Par exemple, la prise de ce produit sans ordonnance n’est pas illégale dans de nombreux pays. À ce jour, seul les vendeurs frauduleux peuvent être punis par la loi.
Aussi, le médicament n’est toujours pas inscrit sur la liste des opiacés réglementés au niveau international par l’Organisation mondiale de la santé (OMS). Une position soutenue par le fait que le Tramadol reste très efficace dans le cadre d’un usage légal, contre les douleurs. L’OMS craint donc que l’inscription du produit sur cette liste puisse par inadvertance limiter son utilisation licite, et par ricochet faire souffrir ceux qui en ont le plus besoin.
Les autorités africaines à l‘épreuve du terrain
À l’heure ou la zone du libre-échange est promue sur le continent, le défi de la sécurisation des frontières est doublement élevé. Il revient aux douanes locales de redoubler d’ardeur dans l’identification des différents produits qui franchissent leurs frontières. Et cela passe évidemment par une coopération approfondie avec leurs homologues d’autres pays.

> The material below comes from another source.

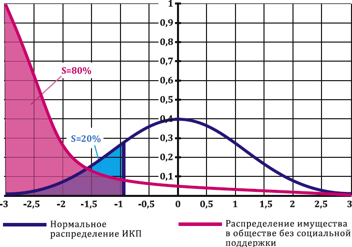 Если попробовать соотнести последнее из правил графически с Гауссовым распределением Интеллектуального капитала предпринимателя, то картинка получится следующей.

La sensibilisation locale et ciblée devrait également faire partie des options des gouvernants. Des campagnes de sensibilisation et la mise en place d’une réglementation stricte autour de l’utilisation du Tramadol pourraient être une ébauche de solution.
Passé cette étape, il s’agira pour les autorités d’affronter la prise en charge médicale des toxicomanes, qui, une fois tombés dans la spirale de ce médicament peuvent subir une perte d’appétit, du sommeil ; des démangeaisons, des crises d’épilepsie, les troubles de la mémoire…
Car, pour l’heure, la désintoxication relève généralement d’une volonté personnelle. Mais sans un régime structuré de réhabilitation, il est difficile de voir à quel point cette démarche solitaire puisse avoir un impact positif à long terme sur le sujet.